アルトリア・グループ2023年第4四半期決算概要
以下の内容はアルトリア・グループの企業サイトより引用・抜粋。
- 2023年第4四半期の売上高(Net Revenues)は59億7500万ドル、前年同期比2.2%減
- 2023年第4四半期の物品税控除後の売上高(Revenues net of excise taxes)は50億2400万ドル、前年同期比1.2%減
- 2023年第4四半期の1株当たりの調整後利益(Adjusted diluted EPS)は1.18ドル、前年同期と変わらず
- 2023年第4四半期のタバコ製品の出荷量は前年同期比7.5%の減少
- 2023年第4四半期の売上高(Net Revenues)に占める割合
- タバコ製品(紙巻きタバコ、葉巻):88.27%
- オーラルタバコ製品(電子タバコ、経口タバコなど):11.28%
- その他:0.45%
- 2023年第4四半期の事業会社損益(Operating Companies Income(Loss))に占める割合
- タバコ製品(紙巻きタバコ、葉巻):88.02%
- オーラルタバコ製品(電子タバコ、嗅ぎタバコなど):13.93%
- その他:‐1.95%
2024年通期見通し
2024年通期の見通しは以下の通り。
- 2024年通期の調整済み希薄化後EPS見通し:5.00~5.15ドル
- 2023年実績(4.95ドル)比成長率:1%~4%の成長率
その他
その他決算発表及びアナリストとのカンファレンスコールで気になった点は以下の通り。
- 2023年第4四半期に2億6900万ドルの自社株買いを実施。
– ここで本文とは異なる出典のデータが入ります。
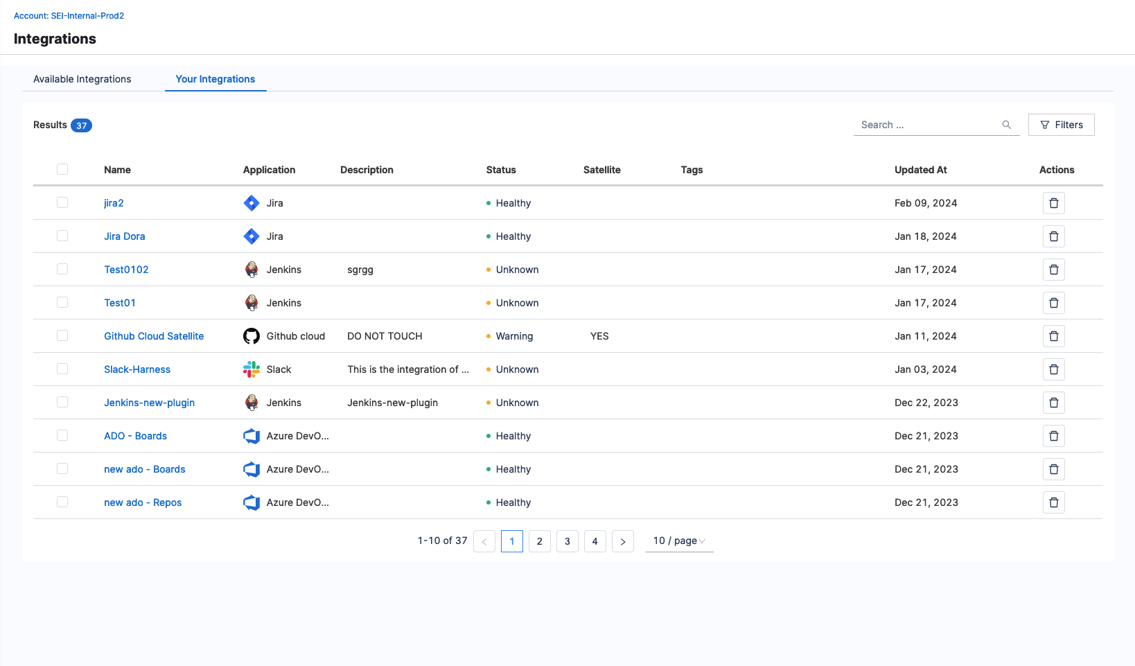 - Click on the delete icon next to the integration you want to remove.
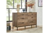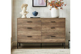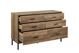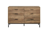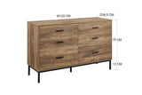 Crafted from a high-quality E1 board with a melamine finish, it features sturdy metal knobs and legs that add a modern touch to its rustic charm. Six spacious drawers provide generous storage for all your essentials, while the anti-falling strip ensures safety and stability.
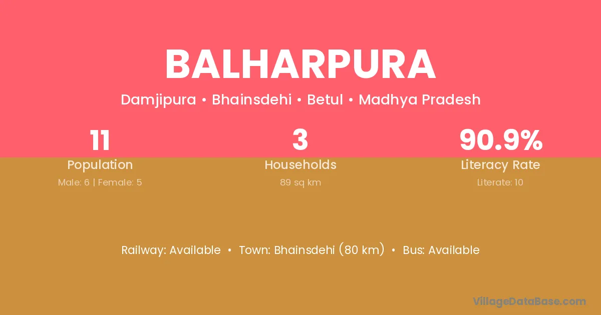 Bhainsdehi (80 km) is the nearest town to Balharpura village for major economic activities and is located approximately 80 km away.
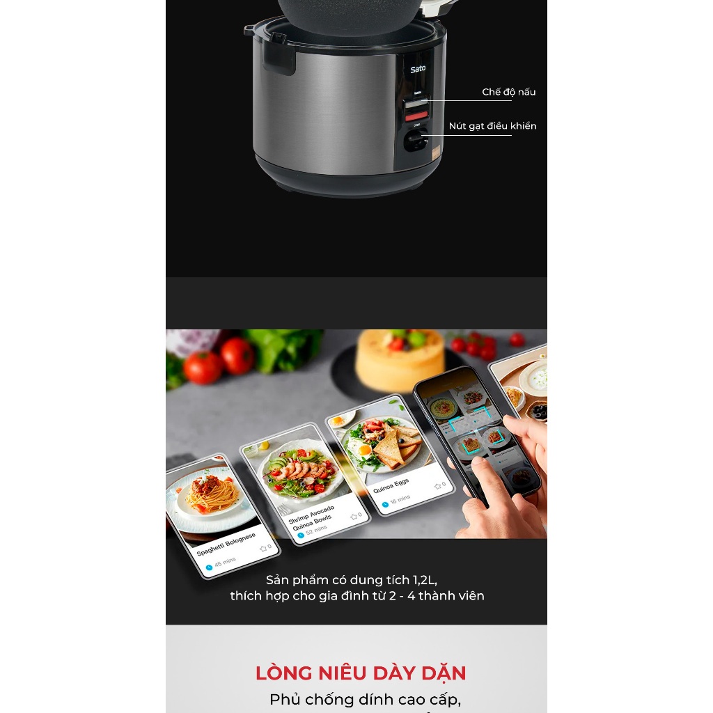 - Dung tích: 1,2L, thích hợp cho từ 2 - 4 người ăn.

これで2023年末までの自社株買戻し枠10億ドルが完了
- 新たに2024年末までに10億ドルの自社株買い戻しプログラムが承認
- 紙巻きタバコの販売量は昨年推定8%減少。これは主に以下の要因によるもの
- 歴史的な長期減少率
- 違法なe-vaporの増加
- 喫煙者に対するマクロ経済的圧力の継続
- 当社は業界のニコチン換算総量は、違法フレーバー付き使い捨てe-vapor製品の増加により、年間約3%、過去5年間複利ベースで約1%増加したと推定しており、これは過去数年間のニコチン総量の減少が1桁台前半であるという以前の推定値から変更
- 2023年に買収した電子タバコNJOYの出荷量は、前四半期の750万ポッドから1110万ポッドに増加
- 違法フレーバー付き使い捨てe-vapor製品については引き続き関係当局と連携しながら対処
- 例:昨年12月にFDA(米食品医薬品局)が約140万個の無許可e-vapor製品を押収
- 引き続き2025年上半期に加熱式タバコ製品PloomのPMTA(Premarket Tobacco Application:市販前タバコ製品申請)を目指す
- 2月後半のCAGNYで非ニコチン及び国際ニコチン市場の開拓について説明予定
市場予測との比較
今回の主な決算内容と市場予想とを比べてみると、
- 2023年第4四半期の物品税控除後の売上高(Revenues net of excise taxes)は50億2400万ドル、市場予想の50億6000万ドルをやや下回っている
- 2023年第4四半期の1株当たりの調整後利益(Adjusted diluted EPS)は1.18ドル、市場予想の1.17ドルをやや上回っている
- 2024年通期の調整済み希薄化後EPS見通しは5.00~5.15ドル、市場予想は0.58ドル
となっている。
まとめ
上記の様な決算発表を受けてアルトリア・グループの株価は
前日比5.55%の上昇。同日の米国市場も
まずまずの上昇率だったが、アルトリア株の上昇はそれと比べてもかなり大きくなっている。
売上は市場予想を下回ったものの、タバコ製品の出荷量減少が続く中で1株当たりの調整後利益が僅かながら市場予想を上回り、加えて2024年に10億ドルの自社株買い戻しを発表したことが市場に評価された様だ。
前回四半期から今回決算翌日を含めたアルトリア株の推移を見てみると
上下動はそこそこあるものの方向感に乏しく、結局のところ前四半期後の決算後の株価とほぼ変わらず。また今回の決算を受けて上昇したものの、その翌日は市場が上昇しているにもかかわらずアルトリア株は下落していることを考えると、今後の株価にはそれ程の期待は持てそうにない。2月に開催されるCAGNYで何らかのポジティブな動きがあるといいのだが。